One method of cooking protein is to build a wood fire, allow the wood to burn down to coals and then place the protein directly on top of the coals. You can brush off the ash from the coals, or just leave them. Although I have not tried it, I understand that native Americans used to add ash from wood fires into their breads to help with leavening. Just try not to breath the ashes into your lungs.
 
As long as you are using pellets made from 100% hardwood with no additives, the ash from the fire should not be harmful, at least not in the minor quantities you would consume.

One method of cooking protein is to build a wood fire, allow the wood to burn down to coals and then place the protein directly on top of the coals. You can brush off the ash from the coals, or just leave them. Although I have not tried it, I understand that native Americans used to add ash from wood fires into their breads to help with leavening. Just try not to breath the ashes into your lungs.
Growing up I had some really roughneck backwoods buddies here in SC that would spend a weekend drinking and cooking hogs in the ground.

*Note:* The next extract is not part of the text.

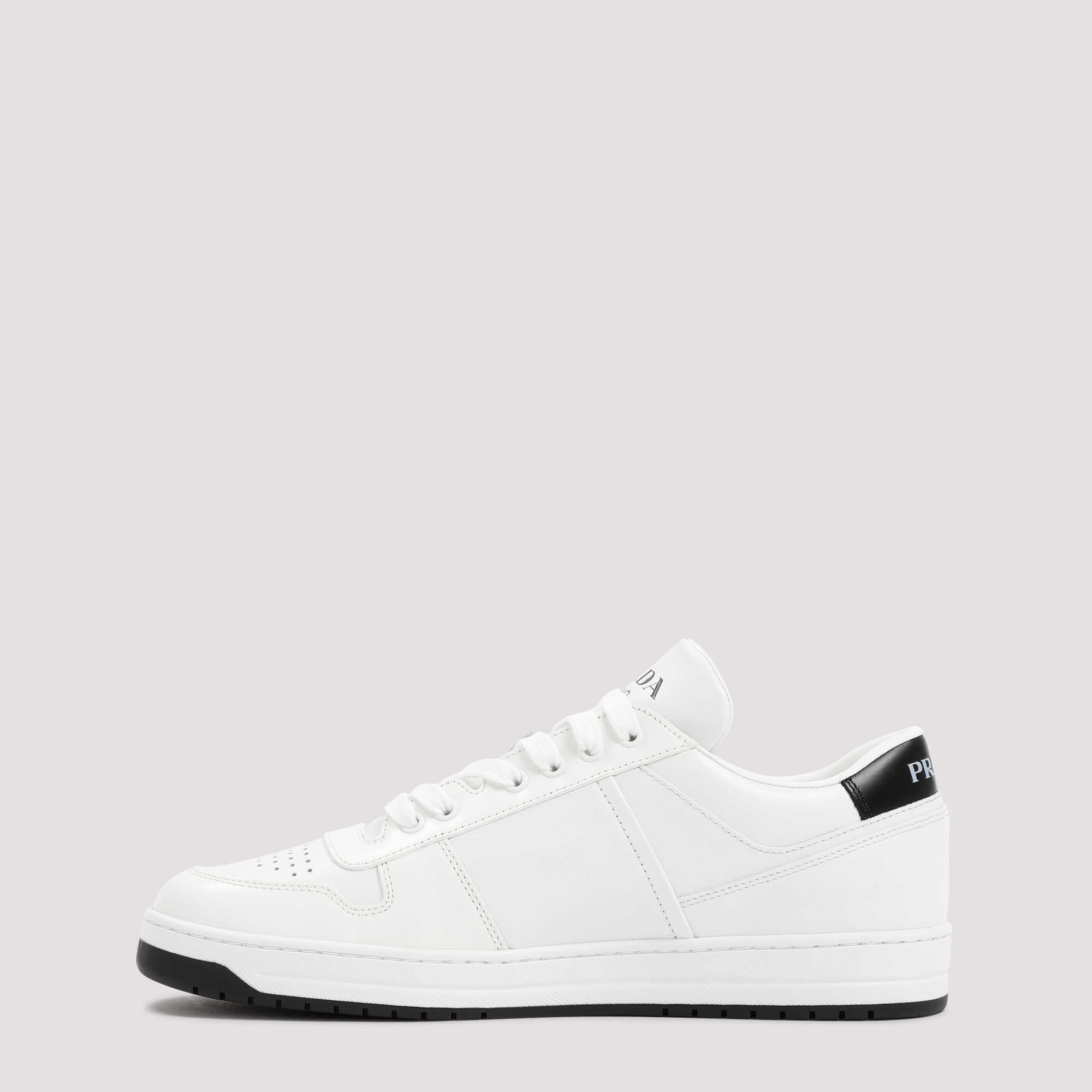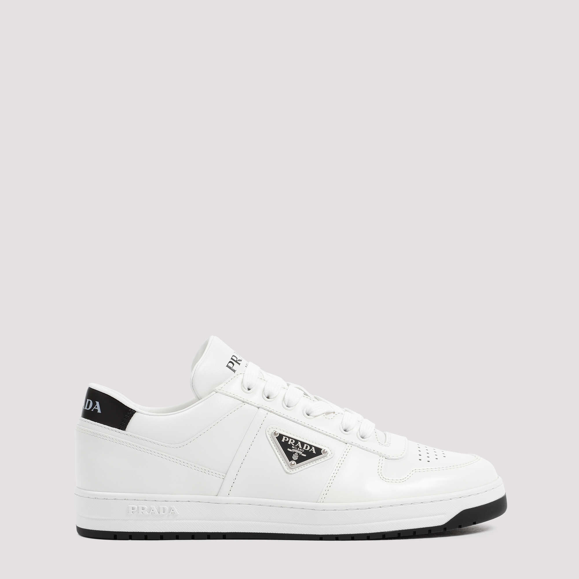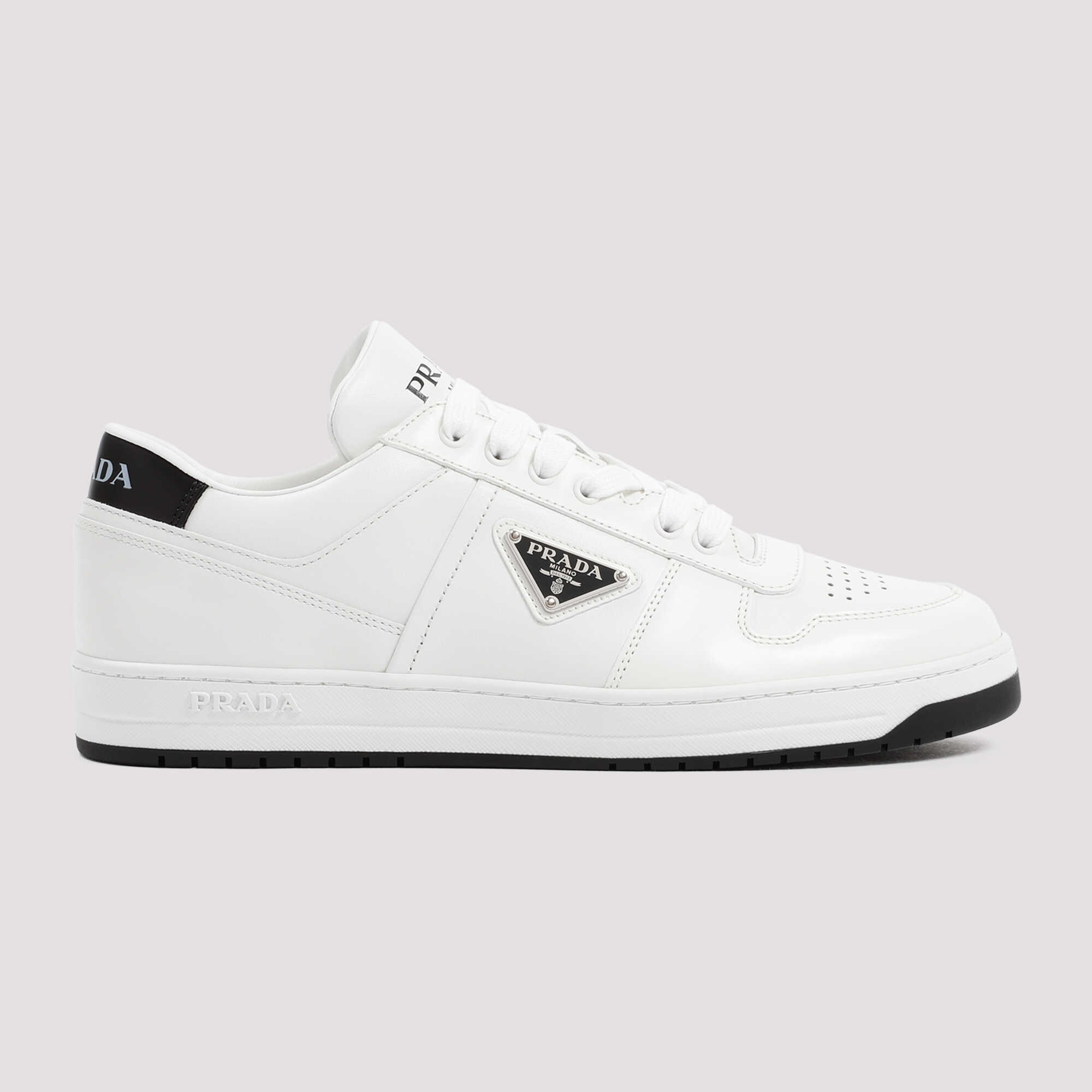 Prada White Leather Downtown Sneakers. White leather upper, perforated details, classic lace-up fastening, triangle logo on side, printed logo on heels and on tongue, rubber sole, regular fit.

Although they seemed to taste good, they had a thick ash buildup unlike the whole hogs I was accustomed too that my family cooked in pits elevated on wire racks and covered with tin. They still had some ash but mixed with good a good mop sauce it wasn’t noticeable. Several years ago I had been fortunate to spend times on several islands of Hawaii, now they know how to cook a great Kalua pig in the ground. Completely different than my old friends growing up.
 
I clean mine after 10 hours of use, or every other cook. I''ve only emptied the hopper to change pellets.